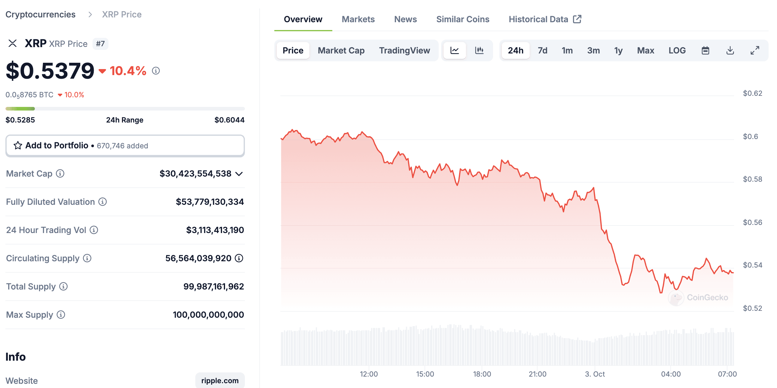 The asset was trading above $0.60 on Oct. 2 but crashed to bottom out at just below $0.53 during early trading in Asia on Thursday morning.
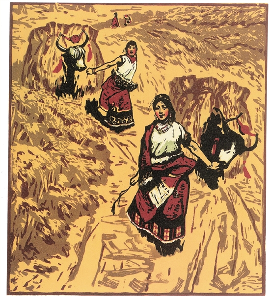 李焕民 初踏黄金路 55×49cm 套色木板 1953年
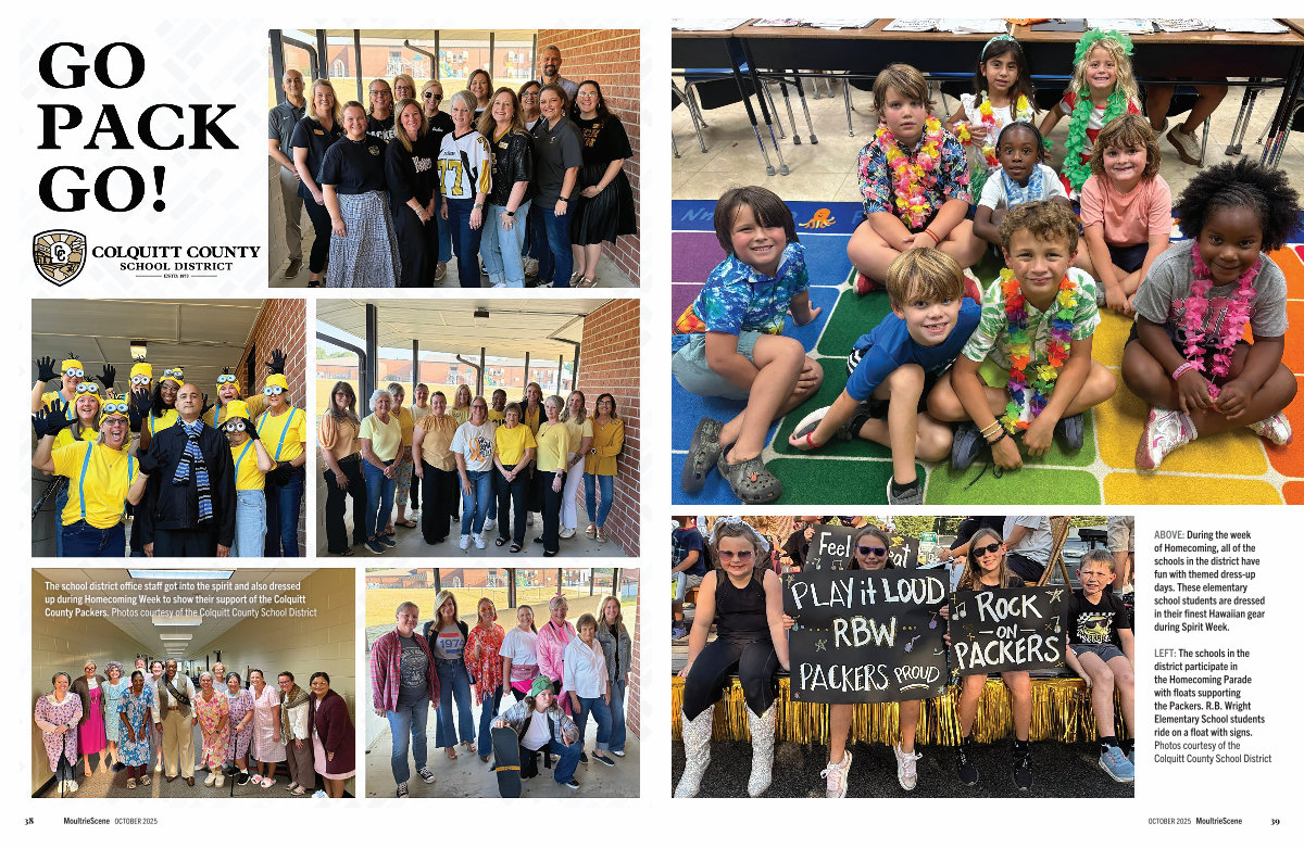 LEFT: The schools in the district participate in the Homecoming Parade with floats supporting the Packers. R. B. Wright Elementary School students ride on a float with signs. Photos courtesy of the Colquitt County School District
* * *
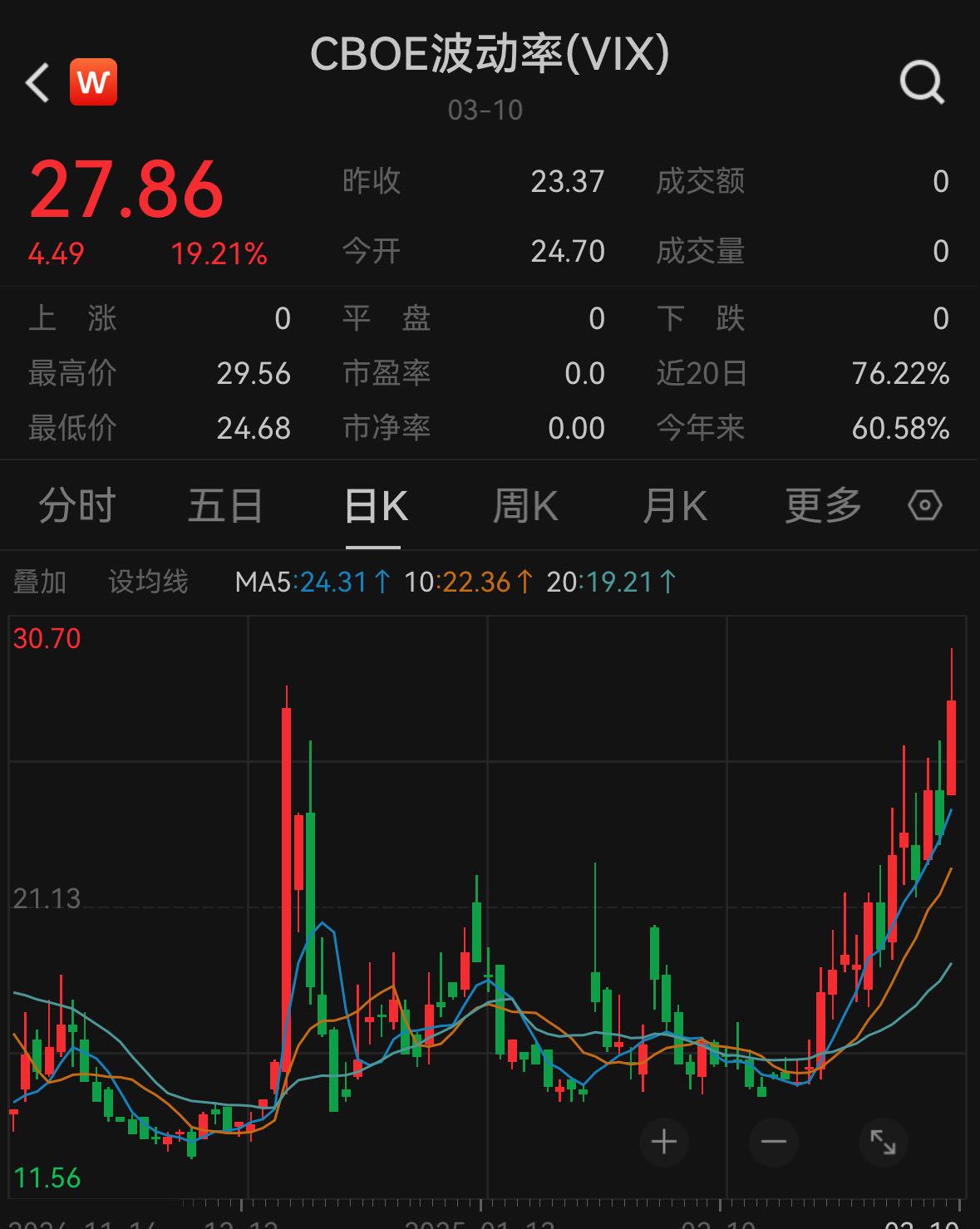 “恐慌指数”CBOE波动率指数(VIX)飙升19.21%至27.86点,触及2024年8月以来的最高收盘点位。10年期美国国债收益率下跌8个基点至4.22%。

- WORK ITEM
An exact copy of the lines above from the one with "The asset was" up to and including the one with "LEFT: The schools" is required; reproduce only those lines, omitting all pictures.

- OUTPUT FOR THIS EXERCISE
 The asset was trading above $0.60 on Oct. 2 but crashed to bottom out at just below $0.53 during early trading in Asia on Thursday morning.
 李焕民 初踏黄金路 55×49cm 套色木板 1953年
 LEFT: The schools in the district participate in the Homecoming Parade with floats supporting the Packers. R. B. Wright Elementary School students ride on a float with signs. Photos courtesy of the Colquitt County School District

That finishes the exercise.